Эй, толстый! Четвертый глаз. Глава 8

Начало тут


Хотелось бы сказать, что двадцать лет назад Ромуальд Филиппович выглядел лучше, чем сейчас, что молодость придавала ему стати, а сам он излучал силу. Но это не так. Это сейчас он – на пике сил и возможностей – горделив и могуч. Это теперь накопленный опыт развернул его плечи и расширил походку.


А в 1998 году молодой гельминтолог выглядел неважно. Он был сутул. Походка его сопровождалась тяжелым шарканьем. Прозвище Айрон Мэйден, которым Ромуальд Филиппович ныне гордится, тогда являлось насмешливой кличкой, прилепленной одноклассниками.

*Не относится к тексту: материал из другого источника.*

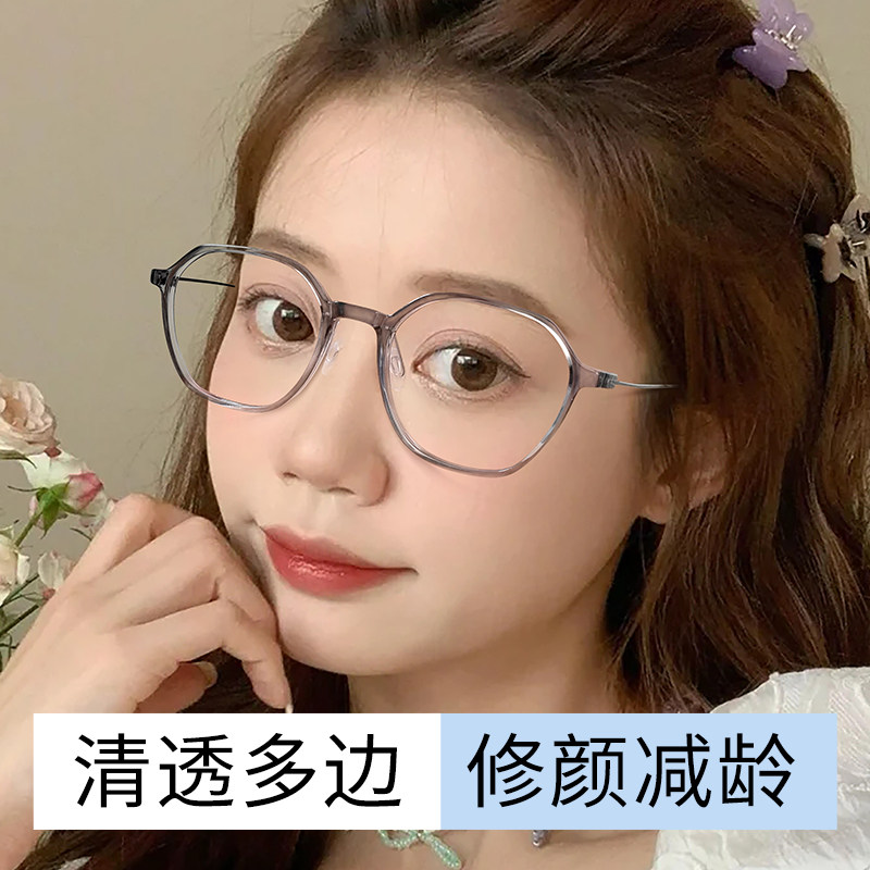网上配镜近视眼镜女超轻纯钛素颜多边形眼睛框镜架可配有度数镜片

Обычно такие прозвища даются за глаза, но молодого Ромуальда однокашники не стеснялись, обидно обзывали прямо в изуродованное кислотой лицо. А юный гельминтолог лишь беспомощно хихикал, лелея тайную ненависть к надменным мучителям.


В себе молодой Ромуальд стеснялся всего. Он казался себе одним сплошным недостатком. Разумеется, он был уродлив, и его боялись. Зимой скрывать уродство не составляло труда – достаточно было замотать лицо шарфом, как будто бы тебе холодно, ходи на здоровье, почти никем не замеченный. Но летом начинался кошмар. Все было в жизни молодого Ромуальда – и испуганные женщины, и обкакавшиеся при его появлении дети, и глумливые предложения от киношников сняться в ужастике, и всеобщая брезгливость. Никто не хотел видеть, какой прекрасный человек Ромуальд Филиппович. Никто не хотел к нему даже приближаться.

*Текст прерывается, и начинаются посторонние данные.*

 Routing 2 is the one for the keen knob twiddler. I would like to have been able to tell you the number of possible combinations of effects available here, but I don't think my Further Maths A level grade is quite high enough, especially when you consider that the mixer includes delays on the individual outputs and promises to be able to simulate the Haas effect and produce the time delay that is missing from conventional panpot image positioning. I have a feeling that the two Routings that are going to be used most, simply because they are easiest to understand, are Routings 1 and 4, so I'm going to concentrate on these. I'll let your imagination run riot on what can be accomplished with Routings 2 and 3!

В свои двадцать пять лет Айрон Мэйден оставался девственником. Что-то предпринимать было безнадежно. Ромуальд Филиппович свыкся с мыслью, что помрет, не поебавшись. Он ни разу не танцевал с девушкой медленный танец, не целовался при Луне. Вообще ни с кем не целовался. Даже в щечку. Девушки Ромуальда Филипповича избегали. Даже откровенные уродины.

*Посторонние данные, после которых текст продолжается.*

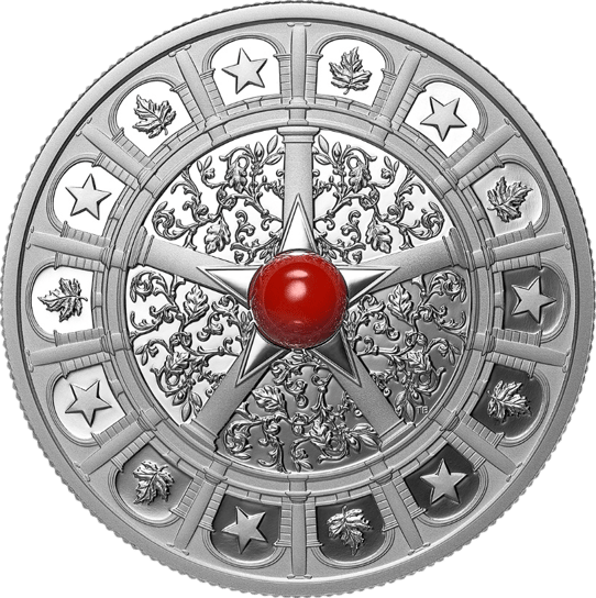 Polierte Platte mit rotem Korallen-Akzent - ein Meisterwerk der Royal Canadian Mint

Однажды летом, когда соседи по общаге разъехались на каникулы, юный гельминтолог решил переломить ситуацию. Он нашел в газете бесплатных объявлений телефон интим-услуг, вызвал в общагу проститутку. Когда девушка увидела Айрон Мэйдена, она вытащила из сумочки газовый баллончик и торопливо заговорила:

– Не приближайся, чертов урод. Еще хоть шаг – опылю нахуй.

Ромуальд Филиппович позволил ей уйти.


Он был несчастен и отвержен. У него адски стояло на всех женщин вообще. Он остервенело дрочил, но легче ему не становилось. Душа Айрон Мэйдена просила любви. Но, по воле злого рока, гельминтологу было отказано в простом человеческом счастье. Оно доставалось другим людям. Но только не Ромуальду Филипповичу. Он старался свыкнуться с жуткой мыслью, что его никто никогда не полюбит. Но до конца поверить в это не мог. В глубине души он совершенно абсурдно полагал, что однажды случится чудо, проклятие отверженности будет развеяно. И его всем сердцем полюбят. Так верила в своего принца Золушка, а в своего капитана Грея Ассоль. Вот и Айрон Мэйден также ждал любви.


«Где же ты ходишь, вторая моя половинка?» – размышлял Ромуальд Филиппович, вглядываясь в лица прохожих. Он романтично верил, что однажды встретит свою суженую.

Так оно, в общем-то, и случилось.


***


Наставником Айрон Мэйдена в гельминтологии был Кузьма Ферапонтович Грязской. Крепкий старик, академик, живая легенда.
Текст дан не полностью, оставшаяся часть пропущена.